* [WORK REQUEST] Would you copy the listing below exactly, keeping the pictures out?

* [DATA BLOCK]
##########

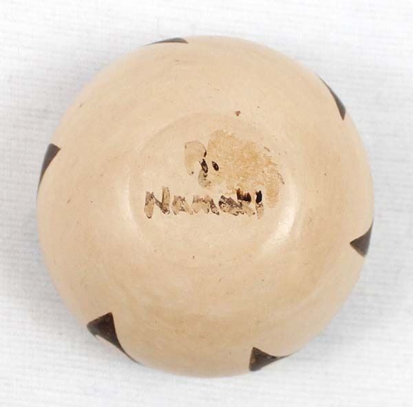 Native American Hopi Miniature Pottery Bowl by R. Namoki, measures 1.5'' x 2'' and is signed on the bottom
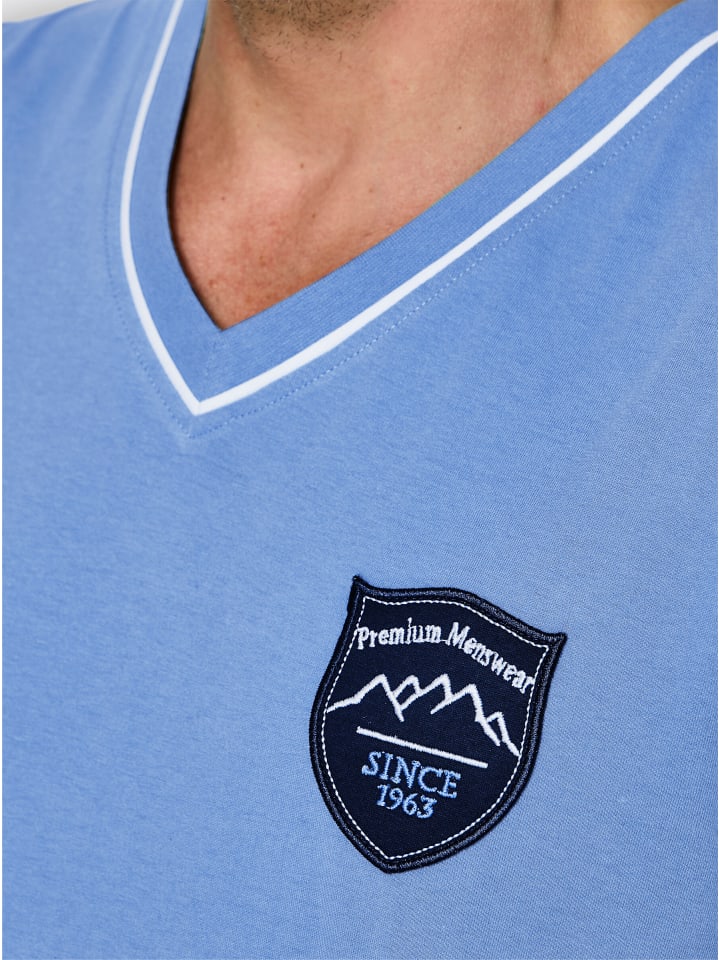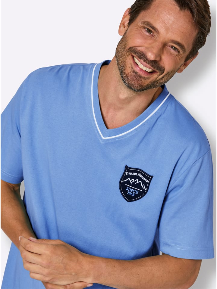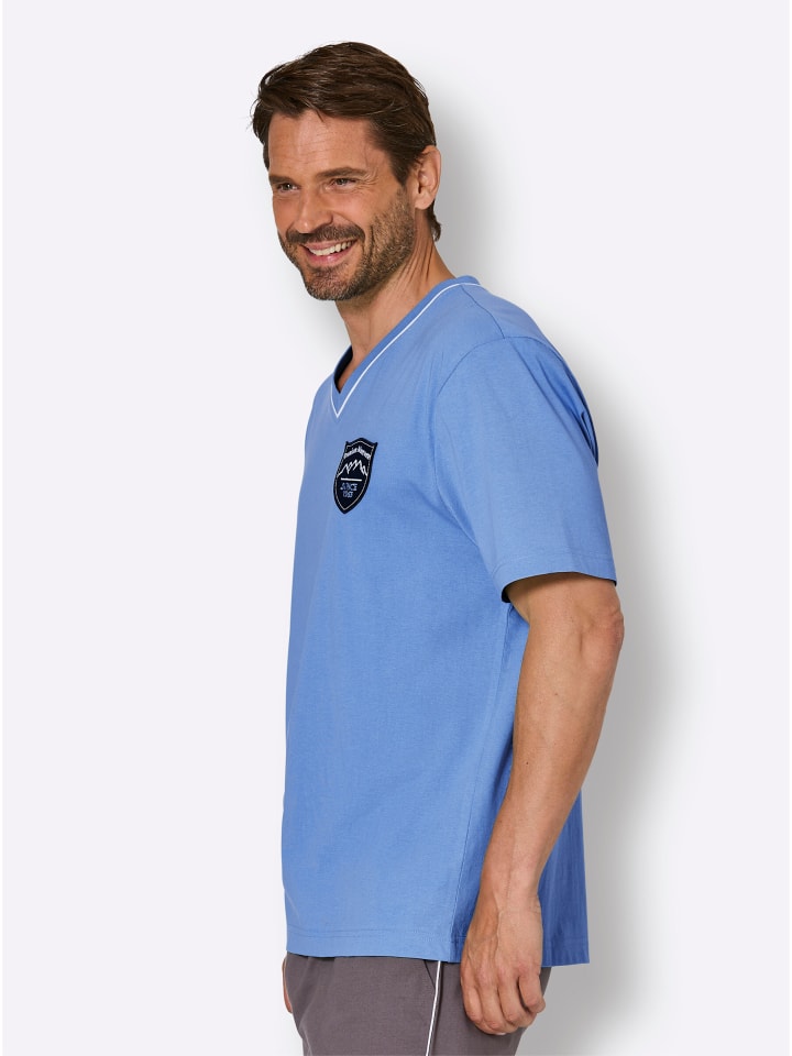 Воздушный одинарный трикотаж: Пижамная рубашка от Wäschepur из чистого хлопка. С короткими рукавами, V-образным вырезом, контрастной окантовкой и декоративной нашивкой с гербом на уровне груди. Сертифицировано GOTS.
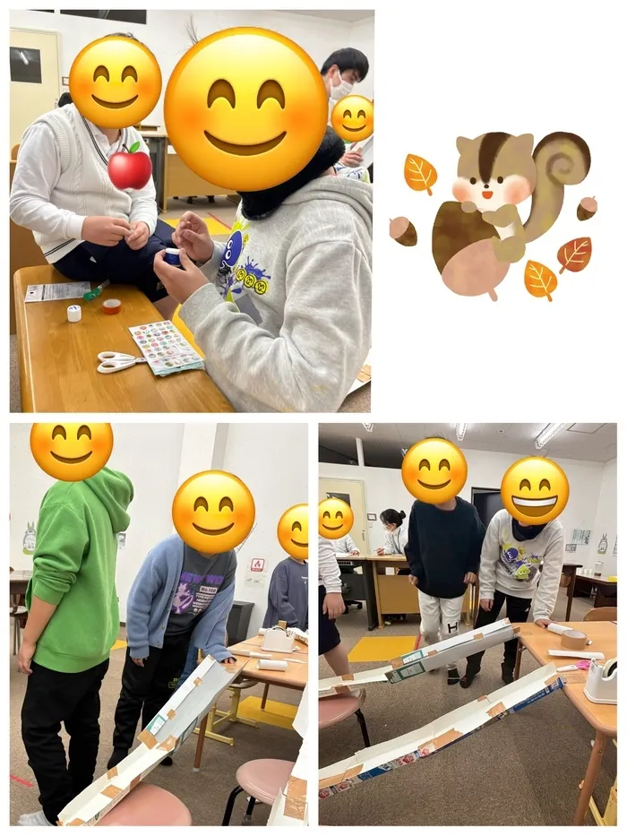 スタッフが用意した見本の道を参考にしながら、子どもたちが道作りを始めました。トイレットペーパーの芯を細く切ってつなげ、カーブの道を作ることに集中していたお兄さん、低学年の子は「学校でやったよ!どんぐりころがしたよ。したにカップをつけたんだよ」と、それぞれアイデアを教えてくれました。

##########

* [EXPECTED OUTPUT]
 Native American Hopi Miniature Pottery Bowl by R. Namoki, measures 1.5'' x 2'' and is signed on the bottom
 Воздушный одинарный трикотаж: Пижамная рубашка от Wäschepur из чистого хлопка. С короткими рукавами, V-образным вырезом, контрастной окантовкой и декоративной нашивкой с гербом на уровне груди. Сертифицировано GOTS.
 スタッフが用意した見本の道を参考にしながら、子どもたちが道作りを始めました。トイレットペーパーの芯を細く切ってつなげ、カーブの道を作ることに集中していたお兄さん、低学年の子は「学校でやったよ!どんぐりころがしたよ。したにカップをつけたんだよ」と、それぞれアイデアを教えてくれました。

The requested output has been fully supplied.